Thomas Sewell is the Hitler venerating leader of the National Socialist Network (NSN).
NSN is a paramilitary organisation whose hate speech has been outlawed.
I have heard this group described as neo Nazis but I understand that there is nothing new about them.
How they dress, their violent street tactics, the way they openly admire Adolf Hitler, call themselves his followers, talk of racial purity (white Australians are "thoroughbreds") and deny the Holocaust.
At 92 years old, Mr Edwards would have been a 12 year old boy at the end of World War 2.
He would recall the world's shock at learning of the atrocities committed by the Nazis.

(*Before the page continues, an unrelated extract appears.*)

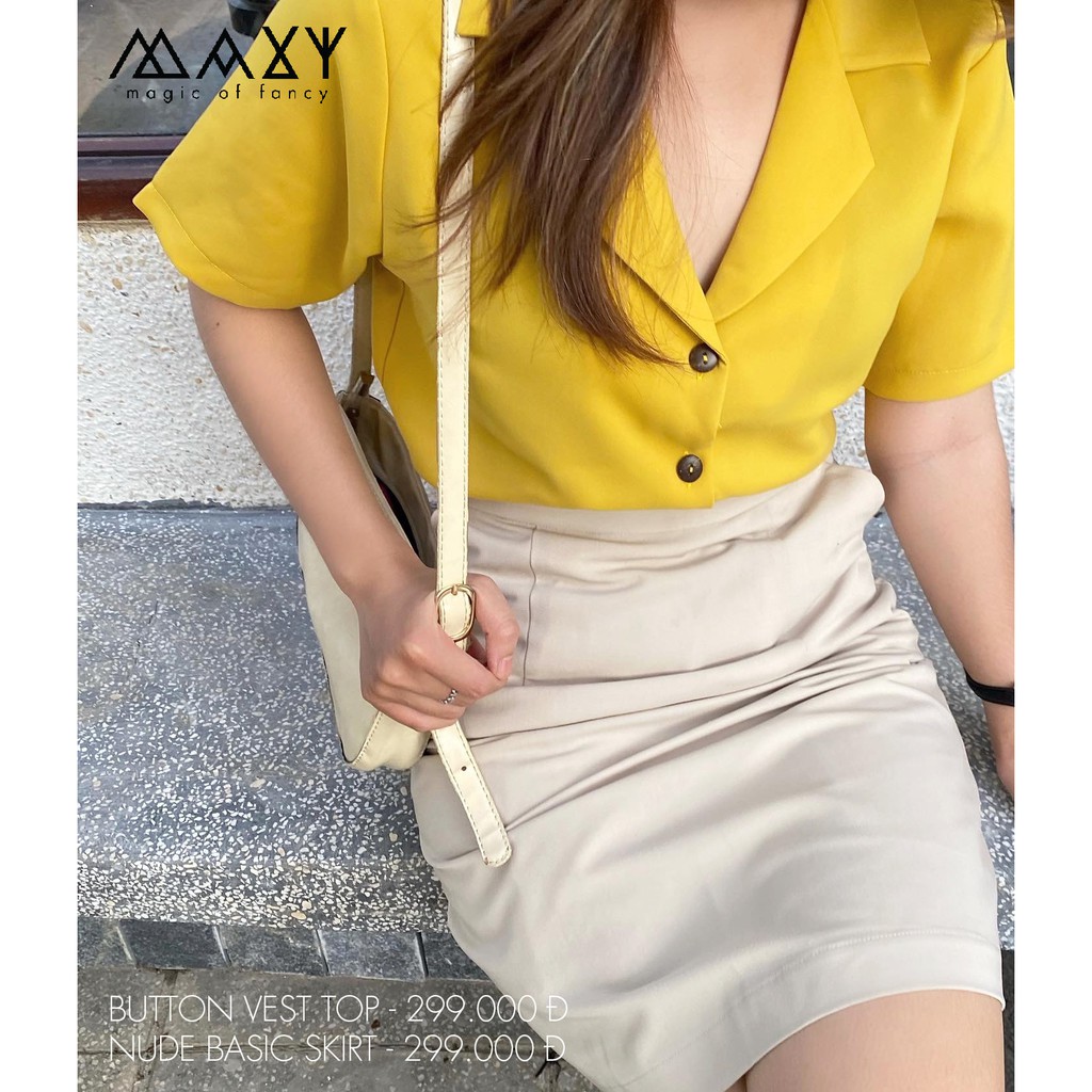 Chân váy chữ A dài ngang gối nude basic skirt Maxy Workshop Shopee

It is worth revisiting history and understanding the circumstances in which they came to power.
Jane Baker, Wangaratta
An incredible story of patriotism at anti-immigration march
Regarding the letter to the editor from Dennis Edwards (Wangaratta Chronicle, 5 September).

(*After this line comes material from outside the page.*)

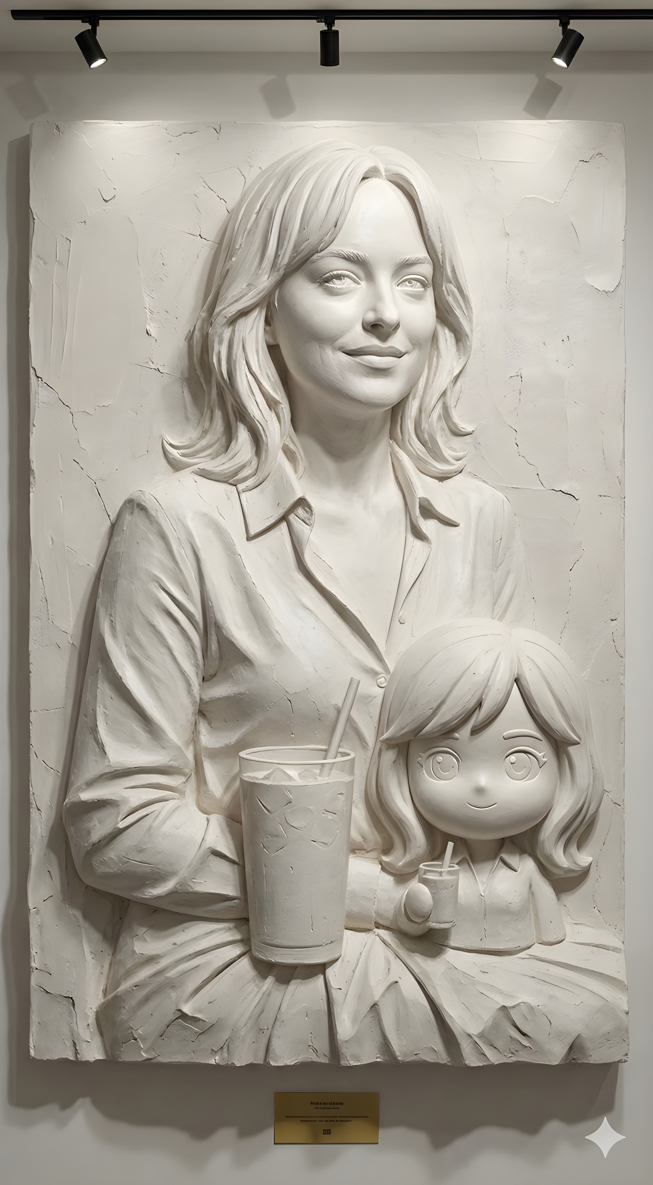 CopyTransform the image into a plaster relief sculpture. Raised forms emerging from a flat surface. Soft matte white texture with subtle imperfections. Gallery-style sculptural artwork. Subtle directional lighting to emphasize depth and shadows. Handcrafted finish with visible tool marks and organic surface variation. Minimal, neutral background to enhance the sculptural presence.

What an effort you and your family made going to the March for Australia on mass migration.
It is so encouraging that many families like yours made the effort.
Who would have ever thought that we average Australians would be reduced to attending marches simply to fight for our values and once beautiful free country.
So sad we are living in a world we don't recognise anymore.
Pat Cushway, Wangaratta
Decades in the making - Celebration of Treaty
We are a nation which rightly celebrates our cultural diversity built on 60,000 years of cultural history, and more recent arrivals to our shores.
I attended secondary school in Sunshine with a student population drawn from 43 nations, primarily post-World War 2 migrants.
I had the valuable opportunity to encounter significant cultural diversity at that stage of my life.
My life has been continued to be enriched by cultural diversity and continues to grow as I meet with people from First Nations cultures in Australia and more recently in Canada.
After decades of leadership and humility from First Nations people, the very first Treaty Bill in our nation’s history will be introduced into the Victorian Parliament.
This is something to celebrate.
Treaty is all about self-determination – because when it comes to Aboriginal communities, cultures, and lands, the experts have always been Aboriginal people.